**DATA PROVIDED**
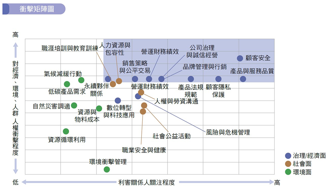 在衝擊顯著程度的鑑別過程中,我們分為每項永續議題之正面衝擊和負面衝擊進行評估,正面衝擊考量因素包含實際衝擊(規模、範圍)及潛在發生可能性,而負面衝擊考量因素則包含實際衝擊 ( 規模、範圍、不可修復性 ) 及潛在發生可能性。評估衝擊顯著程度及利害關係人關注程度發送「永續議題衝擊評估問卷」讓各部門主管同仁針對 22 項永續議題對經濟、環境、社會(人權)的正面衝擊與負面衝擊進行評分。將各永續議題之正負面衝擊影響程度及發生機率平均值相乘,再將正負面乘積值相加並依得分高低排序。
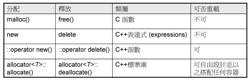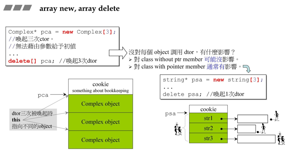 上图是array new的内存分配的逻辑,当使用array new分配一块内存,在这个内存的头部会记录一些cookie数据,包含数组的数量等,然后才是所有的元素的内存区。对于array new分配的内存,需要用array delete来释放。否则会造成内存泄漏
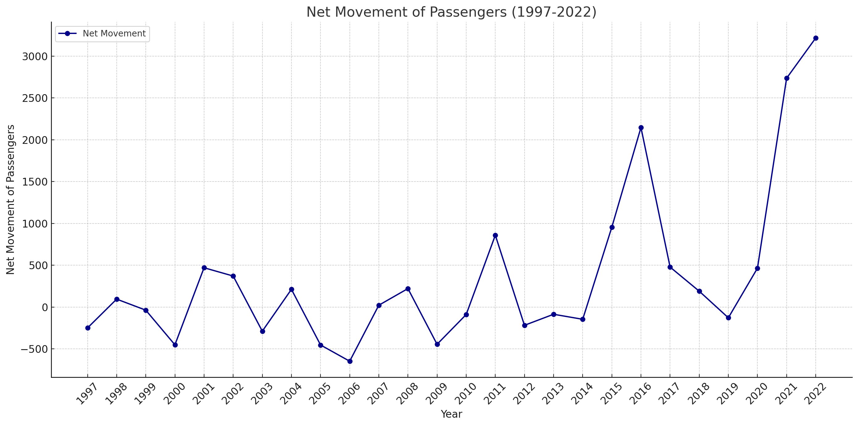 Trends and Observations - Total Traffic:There has been significant variation in passenger traffic over the years, with some years showing marked increases or decreases. The years 2021 and 2022 show particularly high net inflows, which may indicate recovery or changes in travel patterns due to specific events (potentially COVID-19 pandemic impacts).

**WHAT NEEDS TO BE DONE**
Print all data above verbatim, except pictures.

**WRITTEN RESPONSE**
 在衝擊顯著程度的鑑別過程中,我們分為每項永續議題之正面衝擊和負面衝擊進行評估,正面衝擊考量因素包含實際衝擊(規模、範圍)及潛在發生可能性,而負面衝擊考量因素則包含實際衝擊 ( 規模、範圍、不可修復性 ) 及潛在發生可能性。評估衝擊顯著程度及利害關係人關注程度發送「永續議題衝擊評估問卷」讓各部門主管同仁針對 22 項永續議題對經濟、環境、社會(人權)的正面衝擊與負面衝擊進行評分。將各永續議題之正負面衝擊影響程度及發生機率平均值相乘,再將正負面乘積值相加並依得分高低排序。
 上图是array new的内存分配的逻辑,当使用array new分配一块内存,在这个内存的头部会记录一些cookie数据,包含数组的数量等,然后才是所有的元素的内存区。对于array new分配的内存,需要用array delete来释放。否则会造成内存泄漏
 Trends and Observations - Total Traffic:There has been significant variation in passenger traffic over the years, with some years showing marked increases or decreases. The years 2021 and 2022 show particularly high net inflows, which may indicate recovery or changes in travel patterns due to specific events (potentially COVID-19 pandemic impacts).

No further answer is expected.